Specialized Allez Pro Frameset
Ultegra groupo
Velocity Aerohead 32 spoke, 105 Hubs
Easton Ea50 4 bolt stem

Still waiting on my Handlebars (FSA Wing Pro) to be shipped.
I want to get a fizik arione saddle, but i am broke right now.
White bar tape is a must.


----------



## shanabit (Jul 16, 2007)

Looks great man. I'll join in as well. 

Tarmac Expert Compact now. It was the Tarmac Expert Double, 50/39 12/27, Just put a compact Ultegra SL Crank 50/34 and 11/28SRAM cassette. Still playing with seats though.
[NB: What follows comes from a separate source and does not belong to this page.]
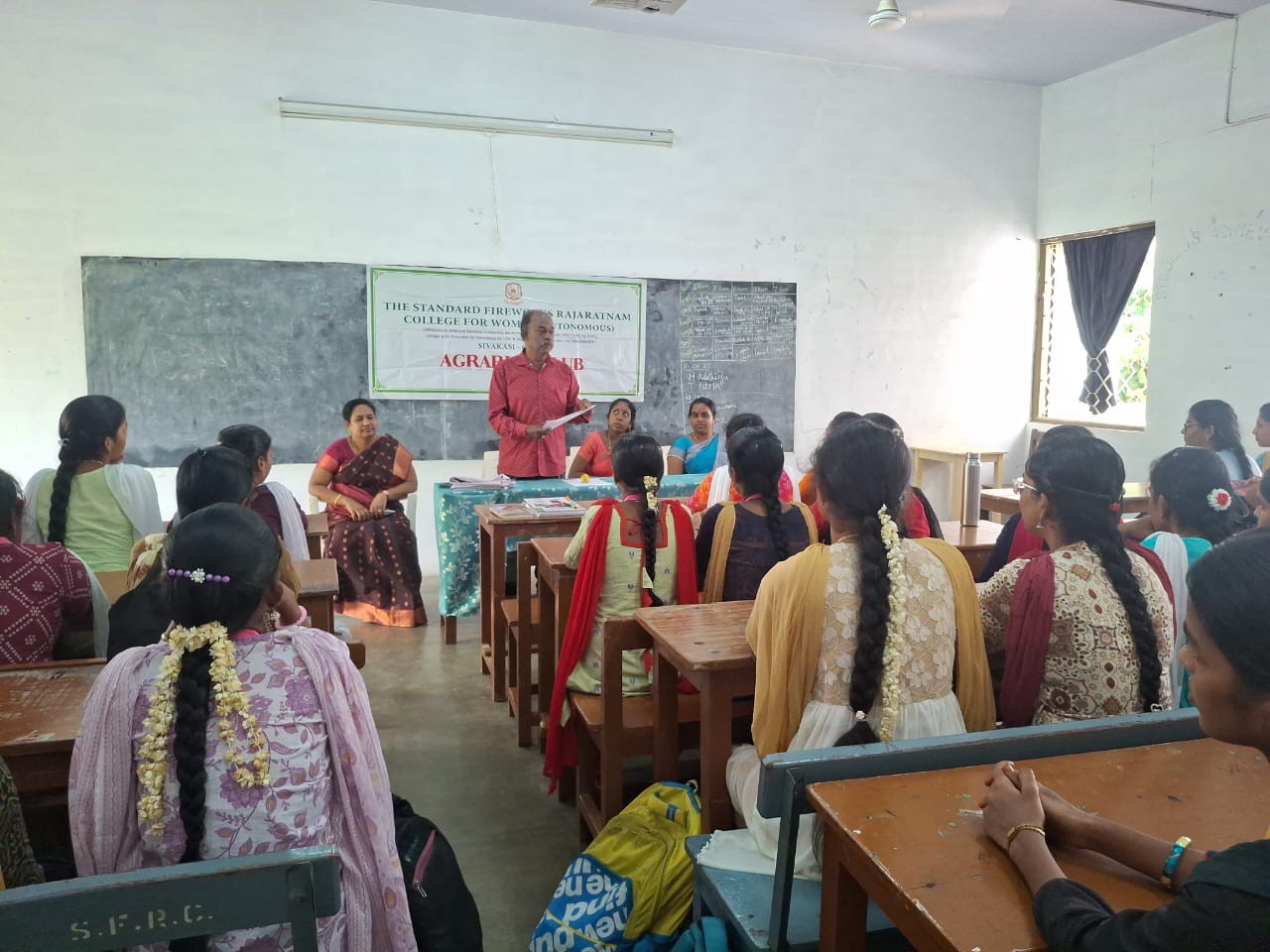 Agrarian Club volunteers attended Workshop on "Smart Gardening" on 12 August 2025. Mr. V. Hariharan, Horticultural Officer at the State Horticulture Farm, Srivilliputhur acted as a resource person. The workshop offered practical demonstrations and valuable insights into efficient gardening techniques, water management, and sustainable cultivation methods.

Easton EA 70 bars. Ultegra pedals.
LOVING this ride!!!!!!:thumbsup: I REALLY like the Allez Pro as well, congrats
Ive got less than 50 miles on this


----------



## orestis (Dec 11, 2004)

Nice bike.
The frame is aluminium E5?
Do you know how much the frame weights?


----------



## Adeel (May 2, 2004)

Thanks
You are correct, the frame is E5 aerotec aluminum with carbon stays.
I am not sure about the frame weight.


----------



## Adeel (May 2, 2004)

*Update*

I am still waiting for my Specialized Toupe Saddle and Ultegra pedals to come in, then it will be officially done! When the saddle comes in the pave seatpost will go on.
I know I said white bar tape, but the LBS ran out of white so i went with black instead. I had to switch the 110mm stem with an 80mm. The reach was too much for me. 
Anyone need a 110mm stem (Easton EA50 4 bolt)?


----------



## Adeel (May 2, 2004)

*All done*

My bike is finally done:
Specialized Allez Pro Frameset
Shimano Ultegra Groupo
Velocity Aeroheads with 105 hubs
Specialized Toupe Saddle
FSA Wing Pro Bars
Shimano Ultegra PD-6620 pedals


----------